Anda di halaman 1dari 1

JENDERAL KARDUS

SUPRIANTO ANNAF
Redaktur Bahasa Media Indonesia

Sindiran memang sering kali memunculkan banyak penafsiran. Walaupun tanpa kelugasan, laras
bahasa seperti ini laris manis digunakan. Setelah kata kecebong dan kampret diviralkan, kini jenderal
kardus pun disusulkan. Pangkalnya, kader Partai Demokrat Andi Arief yang mencetuskan. Ya, lagi-
lagi ini soal kekecewaan. Ia mengatakan upaya penjajakan koalisi buyar lantaran sikap inkonsitensi
Ketua Umum Partai Gerindra itu di Pilpres 2019.
Sontak saja deretan kata jenderal kardus mendapat tanggapan. Masyarakat pengguna bahasa pun
kian mengait-ngaitkan atau mencoba memerikan. Secara bahasa, jenderal kardus bukanlah istilah,
melainkan kiasan. Dalam ranah ini, antara kata dan makna tidak langsung dihubungkan. Artinya,
makna hanya dapat ditentukan karena kesamaan pengalaman atau kebiasaan.
Dalam kepangkatan militer, kata jenderal menunjukkan keparipurnaan: karier tertinggi yang
disematkan. Di dalam kata itu, terkandung banyak kesuksesan dan prestasi yang dilalui. Sang jenderal
bukanlah orang biasa dan pangkatannya bukan pemberian cuma-cuma.
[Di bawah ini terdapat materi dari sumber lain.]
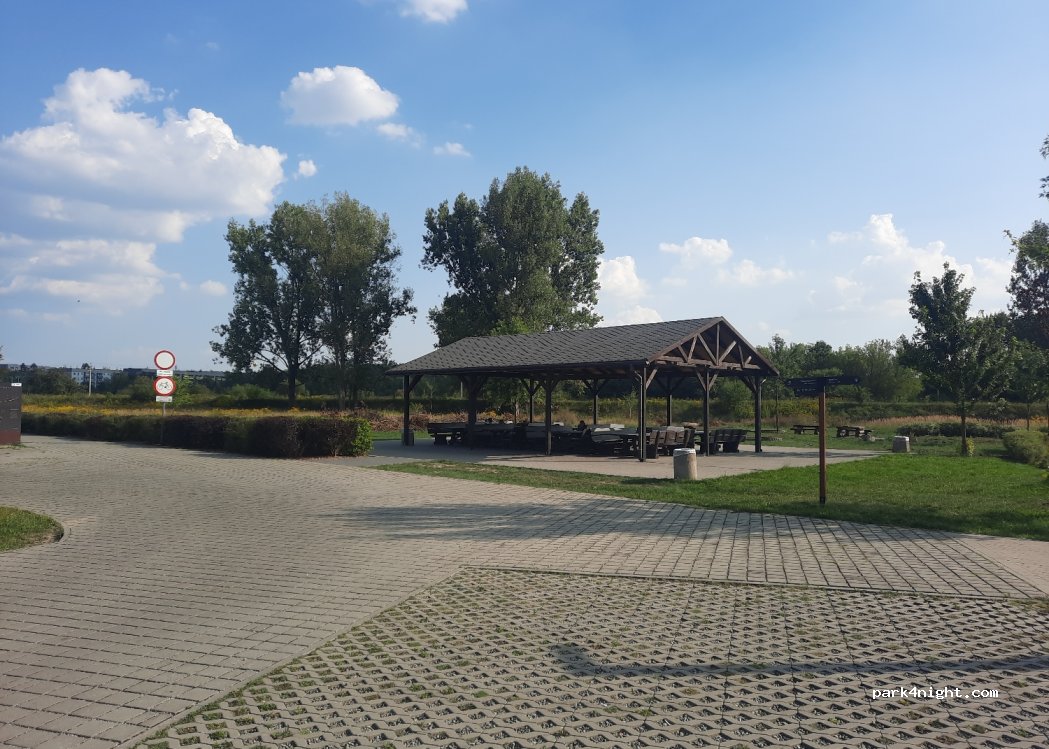 Free parking spot near public beach. Access to free toilets in near restaurant. Kids playgrond, service spot for bikes at place. Good place to stay and visit Pogoria lakes on foot or bike (aprox 15min from park spot). There's public bus spot near parking.
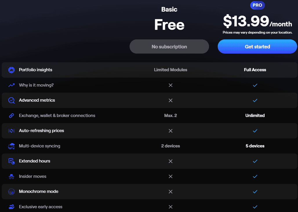Neomezený počet kryptoměn a Live ceny jsou omezeny pouze na placenou verzi

Penyandang status jenderal
dihormati dan disegani. Karena itu, banyak yang berjuang menggapai karier ini demi status tinggi.
Biasanya pula, pemilik status jenderal ini akan melanjutkan karier politik sebagai presiden atau
setidaknya menteri.
Akan tetapi, ketika kata kardus ditambahkan, roh kemuliaan jenderal menjadi tak berarti. Kata itu
cenderung menjadi hinaan dan makian. Rasa hormat dan segan lepas tak karuan. Sang jenderal
dianggap manusia yang kehilangan kemanusiaannya. Ia telah menjadi komoditas yang bergerak tanpa
pendirian. Ia mudah sekali untuk berpaling dari awal niatan.
Sang jenderal kardus pun dianggap tidak memiliki komitmen, kesetiaan, ataupun kemapanan sikap
dan ideologi. Ia selalu mengikuti arus besar ke mana berarah. Benda kardus dipersepsikan wadah
yang akan mudah difungsikan sebagai tempat mi instan, beras, uang, atau tempat hadiah sebelum
diberikan.
Setidaknya makna itu yang ditangkap dari pengirim pesan. Perasaan dan emosi Andi Arief, kader
Partai Demokrat, terwakili dalam frasa jenderal kardus. Kata kardus yang setali dengan wadah
(tempat untuk menaruh, menyimpan sesuatu) dianggap murahan. Tak berhaluan.
Praanggapan yang muncul dari kata jenderal kardus seperti di atas akan menurunkan rasa hormat
dan menghilangkan bangga pada sosok yang diwakili. Karier militer yang tinggi itu hanya
disepadankan dengan benda yang yang disebut ‘kardus’.
Memang tidak berkorelasi antara kardus dan inkonsistensi. Namun, sindiran dan cuitan seperti ini
akan mudah ditanggapi. Apalagi, belakangan ini ‘suara’ politisi dengan mudah saling melabeli.
Bahasa yang seharusnya santun disesaki hawa dengki.
Sadarkah! Bukankah kata yang sudah terucap itu tidak bisa ditarik lagi. Sindiran Andi Arief pun
rupanya tidak bisa menghalangi Demokrat untuk tetap membangun koalisi. Nah, kini Demokrat harus
memoles si jenderal kardus menjadi bergengsi.

Komentar :

Menurut saya sindiran yang dilakukan Andi Arief bisa mewakili emosi nya yang sedang kesal dengan
kader partai Demokrat, jadi wajar saja jika sindiran jenderal kardus banyak digunakan oleh kalangan
masyarakat yang memiliki perasaan kesal seperti yang dirasakan oleh Andi Arief.